Engage in individual and collaborative tasks, such as making arrangements with a friend, planning for a class celebration or performance, or working together to create displays, presentations or performances to showcase their language learning for family, friends or school community

(ACLFRC092)

Participate in classroom routines and interactions by responding to teacher talk, following instructions, asking and answering questions, requesting assistance or permission, asking others how they are and offering wishes, for example, Écoutez !; Monsieur, s’il vous plaȋt ?; Je ne comprends pas.; Cliquez sur l’image du chȃteau !; Répondez aux questions !; J’ai une question. Comment dit-on … en français ?; Comment ça s’écrit ?; Qu’est-ce que c’est ?; C’est …; Ce sont …; Salut, Natalie, ça va ? Pas mal, et toi ?; Bonsoir, Madame Legrand, comment allez-vous ?; À demain, Mademoiselle.; À bientôt !; Bon courage !; Bonne fête, Solange !

(ACLFRC093)

Informing

Identify topic, gist and specific points of information from a range of spoken and written texts related to aspects of their personal and social worlds, and use the information in new ways

(ACLFRC094)

Convey information and ideas from a range of texts related to aspects of their personal and social worlds, using different modes of presentation

(ACLFRC095)

Creating

Respond to imaginative texts by describing aspects, such as characters, events and/or key ideas

(ACLFRC096)

Create simple own or shared imaginative texts by reinterpreting or adapting familiar texts and/or using modelled structures and language

(ACLFRC097)

Translating

Translate and interpret phrases and short texts from French to English and vice versa, noticing which words or phrases translate easily and which do not

(ACLFRC098)

Reflecting

Reflect on own and others’ responses to interactions and intercultural experiences, and use these reflections to improve intercultural communication

(ACLFRC100)

Reflect on experiences of learning and using another language, and share aspects of own identity, such as age, interests and family background, reflecting on how these impact on intercultural communication

(ACLFRC101)

Understanding

Systems of language

Use features of the French sound system, including pronunciation of nasal sounds, and convey meaning with pitch, stress, intonation, rhythm, using liaison in familiar contexts, and recognising the difference between statements, questions and commands, such as Vous écoutez la chanson.; Vous écoutez la chanson ?; Écoutez la chanson !

Use the French alphabet for spelling words aloud, recognising similarities to and differences from English and using correct terminology for accents

(ACLFRU102)

Generate language for a range of purposes in simple spoken and written texts, by recognising and using context-related vocabulary and elements of the French grammatical system, including:

  • using definite and indefinite articles le, la, l’ and les; un, une and des
  • recognising substitution of the indefinite article with de in negative sentences, for example, Non, je n’ai pas de frère.
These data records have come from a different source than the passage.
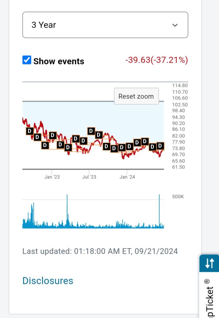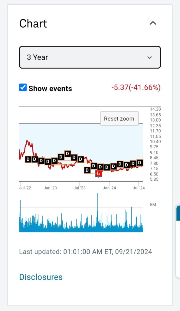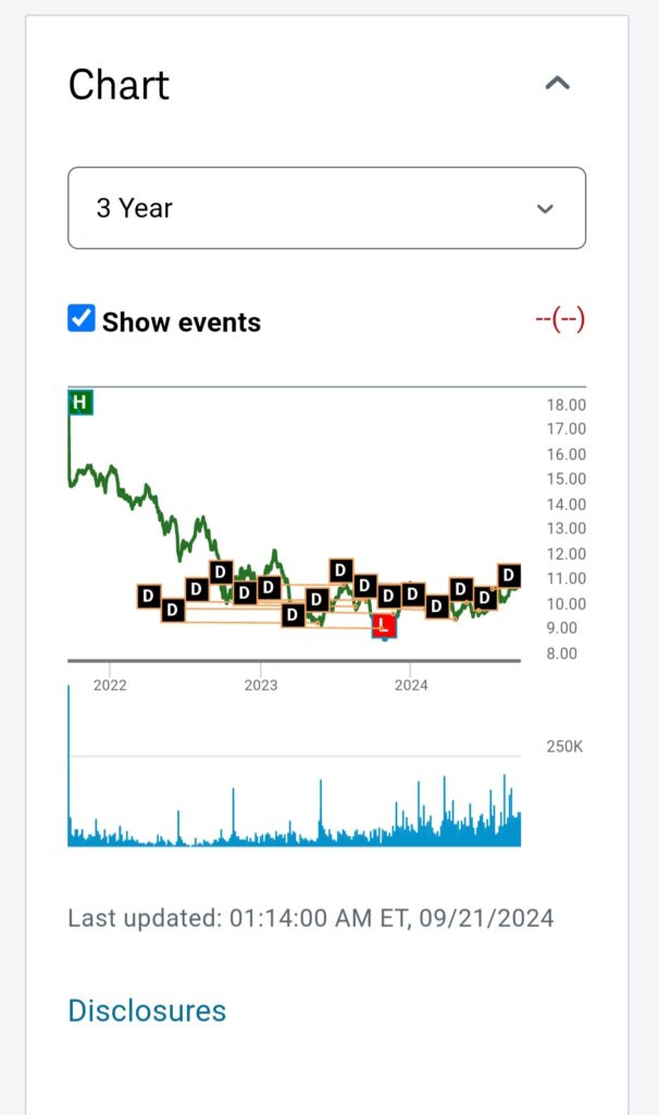 Price history (average). I do not want holdings that bounce around a lot, the steadier the position, the more likely there will be little changes in the dividend operations. CONSISTENCY is the magic word.
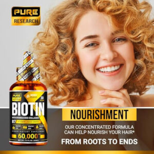 Família do Complexo B – A biotina é uma coenzima e uma das várias vitaminas B que apoiam funções corporais saudáveis, como o metabolismo. Nutra sua pele e cabelo de dentro para fora com Pure Research Biotin Liquid Collagen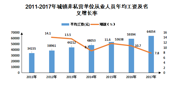 2017年中卫市城镇非私营单位就业人员年平均工资63568元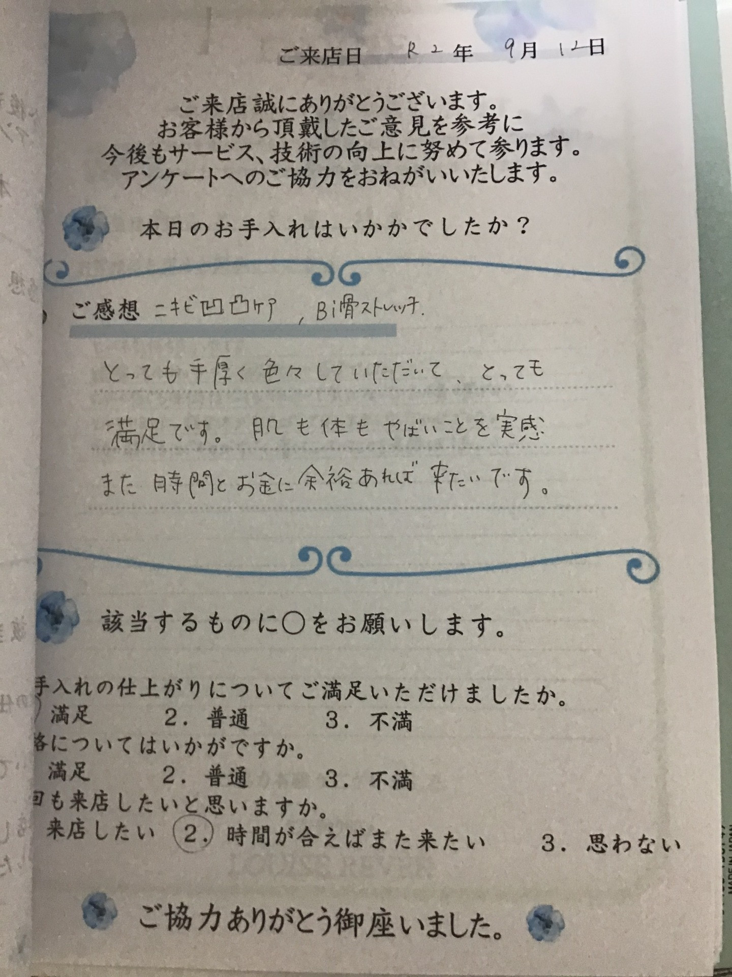 ほんの一部になりますが、お客様よりいただいたうれしいお声をはげみにスタッフ一同より一層よりよいサロンを目指して頑張っていきますのでよろしくお願いいたします。

J’ai une sœur.
  • using singular and plural forms of nouns, for example, le chien/les chiens, une femme/des femmes, including some irregular plural forms, such as l’œil/les yeux, le nez/les nez, l’animal/les animaux
  • beginning to recognise that adjectives agree in number and gender with the noun, for example, des élèves intelligents, de bonnes étudiantes, and that des changes to de if the adjective precedes the noun
  • understanding that most adjectives in French follow the noun, for example, un élève intelligent, and that common adjectives precede the noun, for example, une bonne étudiante
  • understanding that subject pronouns je, tu, il, elle, on, nous, vous, ils and elles determine verb conjugations and substitute for noun subjects, for example, Voilà le frère de Michel. Il est beau, n’est-ce pas ?
  • using regular –er verbs, and irregular conjugations of high-frequency verbs être, avoir, aller and faire in le présent
  • becoming familiar with regular –ir and –re verbs in le présent
  • recognising the function of irregular verbs, such as avoir, être and faire in expressions, such as avoir faim, avoir 13 ans and faire beau
  • becoming familiar with l'impératif, for example, Asseyez-vous !; Dis-moi !
  • recognising how grammatical choices shade meaning and establish register, for example, use of tu or vous to distinguish relationship; use of nous to suggest inclusivity or shared identity; use of on to suggest distance or to replace nous
  • using singular and plural possessive adjectives, for example, ses cheveux, leur mère, mes copains
  • forming and using cardinal numbers to 100
  • using exclamations, for example, Zut !; Bien fait !
  • using prepositions à, en and dans when describing where people live, for example, Jean-François habite à Montréal au Canada.; Ma copine habite en Australie.; La famille Maréchal habite dans une ferme.
  • using the negative ne … pas in simple statements, questions and commands, for example, Je n’aime pas l’histoire.; Tu n’aimes pas le bifteck ?; Ne recommence pas !
  • becoming aware of three ways of forming a question, including a simple sentence with rising intonation, for example, Tu as un animal chez toi ?; inverting the verb and subject, for example, As-tu un animal chez toi ?; and using Est-ce que … ?, for example, Est-ce que tu as un animal chez toi ?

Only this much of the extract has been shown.